With pictures omitted, copy exactly every line from the one that contains "中州大道、南三环、机场高速、" to the end of the listing below.

--- PROVIDED MATERIAL Enclosed Below ---

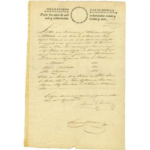 <B>Stephen F. Austin Signed</B></I> <B>Official Report Communicating Results of the First Municipal Election for </B></I><B><I>Alcalde</B></I></B></I> in San Felipe de Austin. Signed <I>"Estevan F. Austin"</B></I>, the document is written entirely in Spanish by Austin's secretary Samuel M. Williams, who also co-signs beneath Austin's signature. One page, folio, 8.5" x 12.75", Villa de Austin [San Felipe], February 10, 1828; [on official stamped paper with manuscript notation furthering the time period to <I>"y ocho"</B></I>, 1828, rubricated by Williams].<BR><BR>The document reads:<BR><I>"List of the individuals who received votes for Alcalde of this town in the municipal assembly held therein the 10th of this month in accordance with the special order of his Excellency the Governor of the State the 17th of November of the past year, and communicated by the political chief of this department December 11 of the same year by means of a commission to the Citizen Empresario Stephen F. Austin to preside over the said assembly. <BR> Names Votes <BR> Thomas M. Duke 121 <BR> Ira Ingram 111 <BR><BR>Villa de Austin, February 10, 1828. = Estevan F Austin, President = Green B. Jameson, Teller = Rawson Alley, Teller = Samuel M. Williams, Secretary<BR>This is a copy taken of the original that remains in hands of the Ayuntamento"</B></I><BR>Austin and Williams sign beneath.<BR><BR>The above election results, are included in the identical wording and format in Spanish, in the minutes of the ayuntamiento of San Felipe de Austin in the Spanish department of the General Land Office at Austin, Texas, Vol. 1, page 4. These volumes include all minutes from the ayuntamientos installation on February 12, 1828, to January 3, 1832. After this entry, the minutes read: "These elections having been announced by the presiding officer, the list was immediately posted in the most public place, and it was agreed that attested copies should be taken from this to be sent to the Government, forwarded by direction of Citizen Stephen F. Austin..." This document is one of these "attested copies" sent to the Government, making it an exceedingly rare documentation of early Texas history to remain in private hands.<BR><BR>Stephen F. Austin was appointed to hold the first municipal electoral assembly of the Jurisdiction of Austin, Department of Bexar on November 17, 1827 by the Governor of the State of Coahuila y Texas, Victor Blanco. San Felipe de Austin was the capital of this Jurisdiction. This action would create the <I>Ayuntamiento</B></I>, the principal governing body of Spanish municipalities. It functioned as town council and had a wide range of administrative duties. The council members consisted of the <I>Alcalde</B></I>, who served as president, a varying number of <I>Regidors</B></I> or councilmen, and a <I>Sindico Procurador</B></I>, the equivalent of a city attorney. Austin had served as president up to this time; however, his interests lay mainly in his role as an empresario focusing on developing the colonies and he another person would be better suited as Alcalde. The document has a quarter inch band of staining along left margin (likely from previous matting), well away from all text; also light folds, with a tiny separation thereat; otherwise in near fine condition. <I>From the collection of Darrel Brown.</B></I><BR><BR><b>Shipping:</b> Flat Material, Small (<a target="_blank" href="http://www.heritageauctions.com/common/shipping.php">view shipping information</a>)
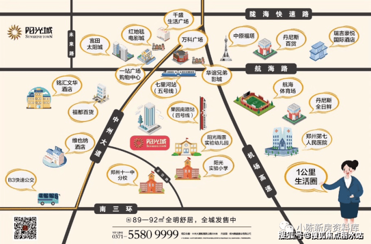 中州大道、南三环、机场高速、陇海快速路围合,奢享半小时都市生活。4号线、5号线双地铁,为生活提速:5号线七里河站步行10分钟之内可达;4号线果树所站纵贯项目内部,百米距离。
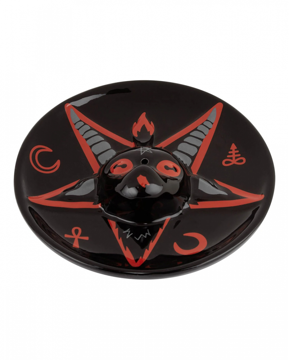 Pentagramm Räucherstäbchenhalter ",Dark Haze", von KILLSTAR Verschenke das okkulte Wohnaccessoire mit Baphomet Motiv an einen Gothic und Halloween Fan Ergänze deine Krypta, deinen Altar oder einfach nur dein Büro mit dem einzigartigen Pentagramm Räucherstäbchenhalter ",Dark Haze", von KILLSTAR. Der mystische Geist Baphomets wird deine dunkler Seele animieren, ganz sie selbst zu sein. Perfekt zum Verschenken oder Selbstbehalten! Der Pentagramm Räucherstäbchenhalter ",Dark Haze", von KILLSTAR ist aus Keramik und besitzt eine schöne glänzende Oberfläche. Mystische Zeichen, das Pentagramm und Baphomet machen die okkulte Deko zum Hingucker. Lieferumfang: 1 x KILLSTAR Dark Haze Räucherstäbchenhalter Farbe: Schwarz, Rot Größe: ca. 15cm Durchmesser, 4 cm hoch Material: 100% Keramik KILLSTAR Räucherstäbchenhalter mit 3D Design Tiefschwarz glänzend mit roten Akzenten Gothic und Halloween Homeware

--- End of Enclosed PROVIDED MATERIAL ---

- [SOLVED PROBLEM]
 中州大道、南三环、机场高速、陇海快速路围合,奢享半小时都市生活。4号线、5号线双地铁,为生活提速:5号线七里河站步行10分钟之内可达;4号线果树所站纵贯项目内部,百米距离。
 Pentagramm Räucherstäbchenhalter ",Dark Haze", von KILLSTAR Verschenke das okkulte Wohnaccessoire mit Baphomet Motiv an einen Gothic und Halloween Fan Ergänze deine Krypta, deinen Altar oder einfach nur dein Büro mit dem einzigartigen Pentagramm Räucherstäbchenhalter ",Dark Haze", von KILLSTAR. Der mystische Geist Baphomets wird deine dunkler Seele animieren, ganz sie selbst zu sein. Perfekt zum Verschenken oder Selbstbehalten! Der Pentagramm Räucherstäbchenhalter ",Dark Haze", von KILLSTAR ist aus Keramik und besitzt eine schöne glänzende Oberfläche. Mystische Zeichen, das Pentagramm und Baphomet machen die okkulte Deko zum Hingucker. Lieferumfang: 1 x KILLSTAR Dark Haze Räucherstäbchenhalter Farbe: Schwarz, Rot Größe: ca. 15cm Durchmesser, 4 cm hoch Material: 100% Keramik KILLSTAR Räucherstäbchenhalter mit 3D Design Tiefschwarz glänzend mit roten Akzenten Gothic und Halloween Homeware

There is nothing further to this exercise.